Collected data section start

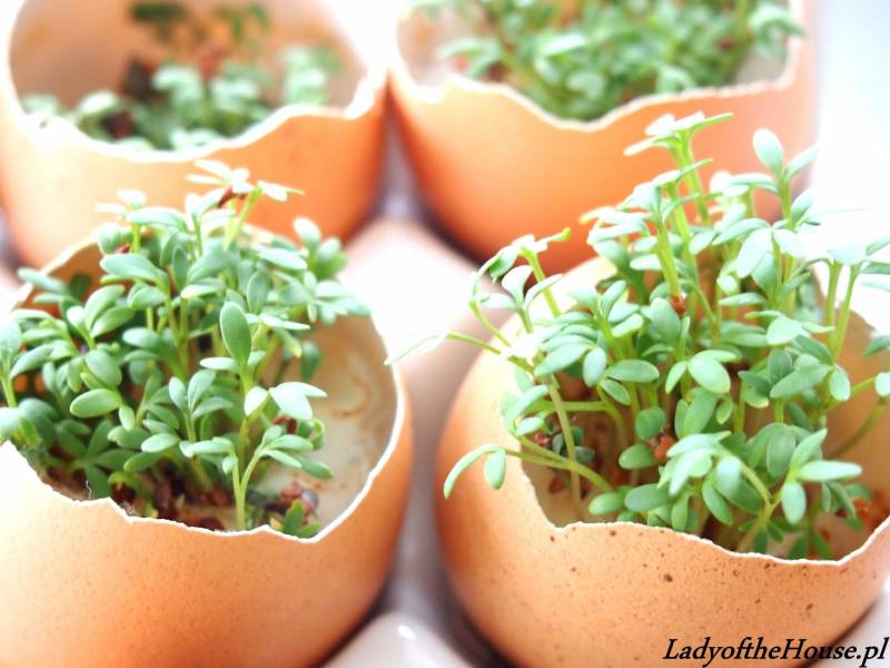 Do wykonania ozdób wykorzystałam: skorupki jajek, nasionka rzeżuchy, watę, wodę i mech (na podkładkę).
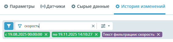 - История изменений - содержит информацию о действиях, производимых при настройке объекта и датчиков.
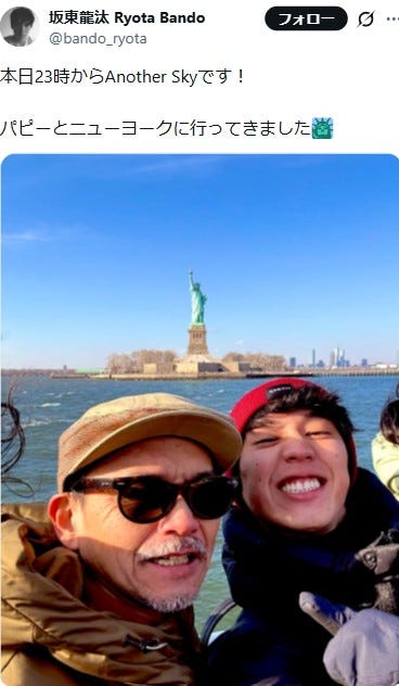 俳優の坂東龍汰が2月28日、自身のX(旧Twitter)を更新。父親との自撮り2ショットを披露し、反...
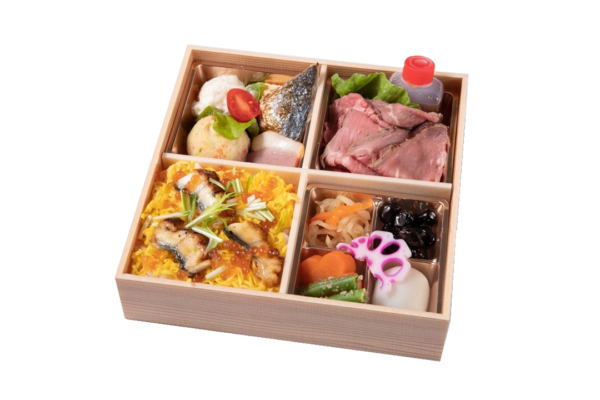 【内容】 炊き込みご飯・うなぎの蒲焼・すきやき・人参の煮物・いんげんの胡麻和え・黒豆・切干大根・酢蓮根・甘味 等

Collected data section end

An exact copy of the material above is required, free of any pictures.

### Task output
 Do wykonania ozdób wykorzystałam: skorupki jajek, nasionka rzeżuchy, watę, wodę i mech (na podkładkę).
 - История изменений - содержит информацию о действиях, производимых при настройке объекта и датчиков.
 俳優の坂東龍汰が2月28日、自身のX(旧Twitter)を更新。父親との自撮り2ショットを披露し、反...
 【内容】 炊き込みご飯・うなぎの蒲焼・すきやき・人参の煮物・いんげんの胡麻和え・黒豆・切干大根・酢蓮根・甘味 等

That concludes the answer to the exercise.